"Sie sind mutig, weil ihr Leben nichts wert ist"

Von Ulrike Klausmann · 28.05.2012
Armut und Chaos allein können den rasanten Aufstieg der somalischen Piraterie nicht erklären. Es handelt sich um organisiertes Verbrechen, das vom Clansystem begünstigt wird. Von den Lösegeldern profitieren hauptsächlich anonyme Hintermänner. Der Blick auf die Geschichte zeigt, dass Kaperei und Piratenbekämpfung immer wieder politisch instrumentalisiert wurden.
Im April 2010 wurde das deutsche Containerschiff Taipan von somalischen Piraten überfallen. Durch die Besonnenheit des Kapitäns und den schnellen Zugriff eines niederländischen Marinebootes von der europäischen Antipiratenmission ATALANTA konnte die Entführung verhindert werden.

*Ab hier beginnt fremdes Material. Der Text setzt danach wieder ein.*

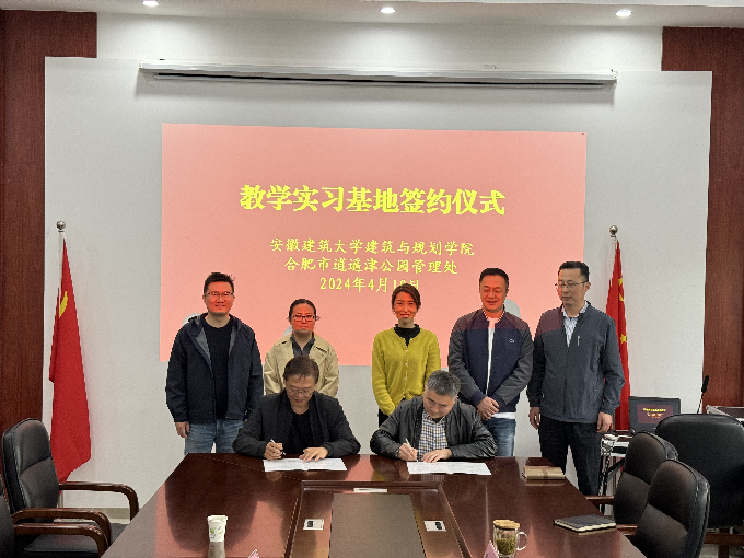 本网讯 4月10日下午,建规学院与合肥市逍遥津公园管理处举行了教学实习基地授牌仪式。逍遥津公园管理处书记胡从容及班子成员和所属党支部书记,建规学院党委书记唐劲松、建规学院景观系教师党支部参加了座谈。

In Hamburg wurde der Prozess gegen die Seeräuber eröffnet. Der Jüngste war 16, als er das Schiff enterte. Seine Lebensgeschichte wirft ein Licht auf die Zustände im von Bürgerkrieg und Hunger zermürbten Land am Horn von Afrika.

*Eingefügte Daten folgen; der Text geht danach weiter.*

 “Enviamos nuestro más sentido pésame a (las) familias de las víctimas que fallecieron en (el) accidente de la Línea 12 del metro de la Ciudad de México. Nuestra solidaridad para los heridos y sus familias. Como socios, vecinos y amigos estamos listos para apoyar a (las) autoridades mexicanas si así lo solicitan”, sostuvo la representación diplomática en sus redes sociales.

Doch Armut und Chaos allein können den rasanten Aufstieg der somalischen Piraterie nicht erklären. Es handelt sich um organisiertes Verbrechen, das vom Clansystem begünstigt wird. Von den Lösegeldern in Millionenhöhe profitieren hauptsächlich anonyme Hintermänner in Nairobi, Dubai, London oder anderswo.

Auch die Helden der berühmten ‘Piratenrunde’, die im 17. und 18. Jahrhundert die Meere unsicher machten, waren keine Sozialrebellen, wie sie in Büchern, Balladen und Filmen oft dargestellt werden, sondern überwiegend kühl kalkulierende Geschäftsleute, die dem Kolonialismus und der Vormachtstellung europäischer Handelsmächte in der Welt den Weg bereiteten.

Der Blick auf die Geschichte zeigt, dass Kaperei und Piratenbekämpfung immer wieder politisch instrumentalisiert wurden.